> **What you are asked to do**
The needed output is the run of lines below from the one containing "Condicionador para cabelos" through the one containing "Geologicos Lisboa. Autore", copied exactly and free of pictures.

> **Excerpted data**
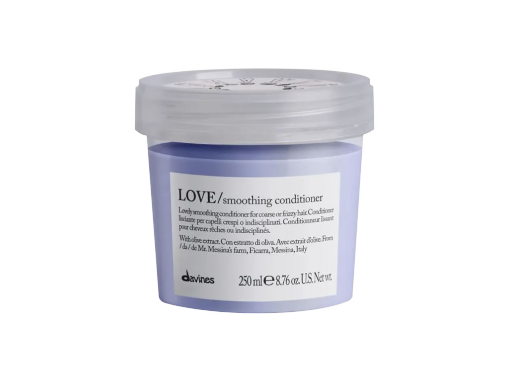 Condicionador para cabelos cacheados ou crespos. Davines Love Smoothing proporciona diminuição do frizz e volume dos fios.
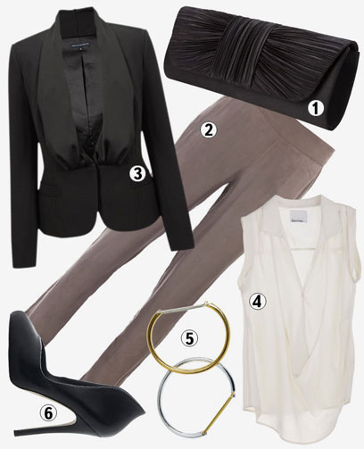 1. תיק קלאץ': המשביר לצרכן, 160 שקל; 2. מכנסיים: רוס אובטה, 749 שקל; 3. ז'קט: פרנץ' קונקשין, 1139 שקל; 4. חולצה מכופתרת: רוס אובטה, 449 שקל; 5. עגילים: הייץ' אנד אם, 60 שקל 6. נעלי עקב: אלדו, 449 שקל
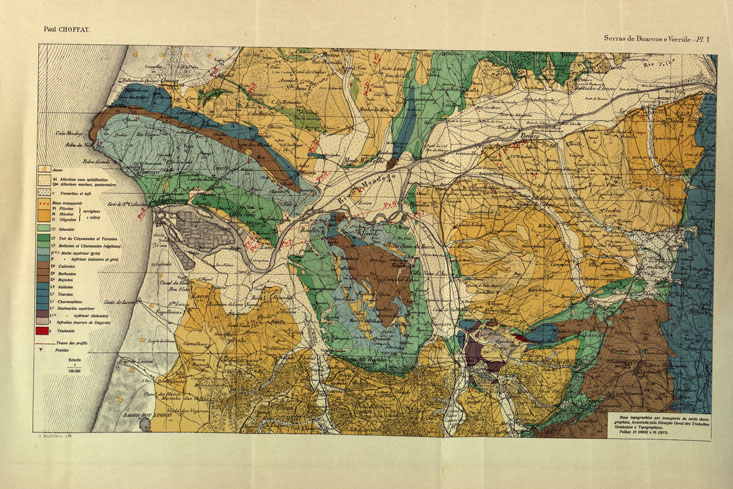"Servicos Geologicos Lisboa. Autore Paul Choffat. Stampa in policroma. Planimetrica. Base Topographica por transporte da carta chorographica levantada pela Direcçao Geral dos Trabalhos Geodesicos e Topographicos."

--

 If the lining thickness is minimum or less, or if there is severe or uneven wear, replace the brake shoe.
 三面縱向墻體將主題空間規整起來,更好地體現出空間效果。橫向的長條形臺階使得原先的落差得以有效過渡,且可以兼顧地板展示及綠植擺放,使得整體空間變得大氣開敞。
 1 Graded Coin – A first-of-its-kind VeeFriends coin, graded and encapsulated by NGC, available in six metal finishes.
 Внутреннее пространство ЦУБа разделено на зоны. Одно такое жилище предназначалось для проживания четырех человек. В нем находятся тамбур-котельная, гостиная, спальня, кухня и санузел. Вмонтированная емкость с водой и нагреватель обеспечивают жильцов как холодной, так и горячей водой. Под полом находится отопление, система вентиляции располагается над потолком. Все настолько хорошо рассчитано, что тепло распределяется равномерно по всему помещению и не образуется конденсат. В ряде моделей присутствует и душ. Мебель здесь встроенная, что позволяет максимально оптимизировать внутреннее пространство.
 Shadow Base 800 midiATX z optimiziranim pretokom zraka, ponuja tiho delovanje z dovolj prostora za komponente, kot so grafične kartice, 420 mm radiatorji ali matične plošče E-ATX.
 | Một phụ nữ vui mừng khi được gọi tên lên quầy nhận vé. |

* * *

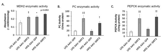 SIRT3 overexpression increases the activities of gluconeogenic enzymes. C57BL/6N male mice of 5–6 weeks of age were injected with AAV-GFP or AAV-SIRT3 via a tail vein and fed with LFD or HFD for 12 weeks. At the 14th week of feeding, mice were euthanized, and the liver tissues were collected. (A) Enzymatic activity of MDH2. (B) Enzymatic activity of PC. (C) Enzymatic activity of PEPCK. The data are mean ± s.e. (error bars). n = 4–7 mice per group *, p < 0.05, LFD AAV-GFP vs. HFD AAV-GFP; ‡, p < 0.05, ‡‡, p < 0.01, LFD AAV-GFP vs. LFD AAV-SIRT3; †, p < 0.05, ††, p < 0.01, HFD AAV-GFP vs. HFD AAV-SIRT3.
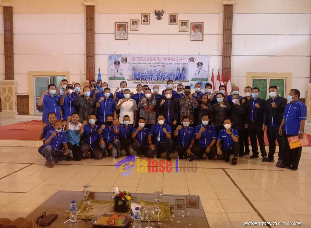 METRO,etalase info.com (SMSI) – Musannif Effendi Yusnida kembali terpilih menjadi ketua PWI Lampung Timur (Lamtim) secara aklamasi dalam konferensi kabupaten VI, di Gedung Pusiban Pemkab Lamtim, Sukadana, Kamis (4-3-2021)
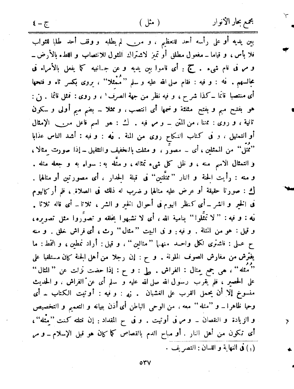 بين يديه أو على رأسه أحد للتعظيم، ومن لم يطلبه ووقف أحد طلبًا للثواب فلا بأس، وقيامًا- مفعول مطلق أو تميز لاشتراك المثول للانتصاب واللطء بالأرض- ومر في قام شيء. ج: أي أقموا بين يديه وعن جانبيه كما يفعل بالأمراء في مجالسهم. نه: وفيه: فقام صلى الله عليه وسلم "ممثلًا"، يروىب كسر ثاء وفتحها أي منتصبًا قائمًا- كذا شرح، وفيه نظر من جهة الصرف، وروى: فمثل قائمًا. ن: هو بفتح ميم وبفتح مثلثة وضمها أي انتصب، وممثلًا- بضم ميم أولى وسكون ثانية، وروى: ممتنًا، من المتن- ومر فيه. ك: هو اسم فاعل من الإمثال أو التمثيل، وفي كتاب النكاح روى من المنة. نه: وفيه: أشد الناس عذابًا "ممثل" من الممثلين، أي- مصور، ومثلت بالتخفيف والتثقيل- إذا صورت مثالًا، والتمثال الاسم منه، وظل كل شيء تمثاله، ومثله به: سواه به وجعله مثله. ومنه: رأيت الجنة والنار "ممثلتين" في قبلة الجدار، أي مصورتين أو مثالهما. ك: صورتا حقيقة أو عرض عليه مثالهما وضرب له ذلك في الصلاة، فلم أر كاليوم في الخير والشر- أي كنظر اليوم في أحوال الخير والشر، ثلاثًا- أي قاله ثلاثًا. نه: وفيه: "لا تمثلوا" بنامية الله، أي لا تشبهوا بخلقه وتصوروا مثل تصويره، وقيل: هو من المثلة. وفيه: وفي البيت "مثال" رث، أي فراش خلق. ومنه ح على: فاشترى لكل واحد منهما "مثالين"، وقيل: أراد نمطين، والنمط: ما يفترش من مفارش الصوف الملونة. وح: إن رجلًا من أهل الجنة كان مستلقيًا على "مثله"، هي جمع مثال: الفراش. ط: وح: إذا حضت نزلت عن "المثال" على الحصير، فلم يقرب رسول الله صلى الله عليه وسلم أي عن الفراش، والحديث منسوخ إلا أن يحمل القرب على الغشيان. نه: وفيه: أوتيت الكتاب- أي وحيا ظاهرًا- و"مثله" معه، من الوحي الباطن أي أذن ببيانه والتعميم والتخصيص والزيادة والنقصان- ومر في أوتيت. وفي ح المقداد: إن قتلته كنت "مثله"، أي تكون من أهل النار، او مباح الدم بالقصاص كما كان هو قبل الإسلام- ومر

> **Completed exercise**
 Condicionador para cabelos cacheados ou crespos. Davines Love Smoothing proporciona diminuição do frizz e volume dos fios.
 1. תיק קלאץ': המשביר לצרכן, 160 שקל; 2. מכנסיים: רוס אובטה, 749 שקל; 3. ז'קט: פרנץ' קונקשין, 1139 שקל; 4. חולצה מכופתרת: רוס אובטה, 449 שקל; 5. עגילים: הייץ' אנד אם, 60 שקל 6. נעלי עקב: אלדו, 449 שקל
"Servicos Geologicos Lisboa. Autore Paul Choffat. Stampa in policroma. Planimetrica. Base Topographica por transporte da carta chorographica levantada pela Direcçao Geral dos Trabalhos Geodesicos e Topographicos."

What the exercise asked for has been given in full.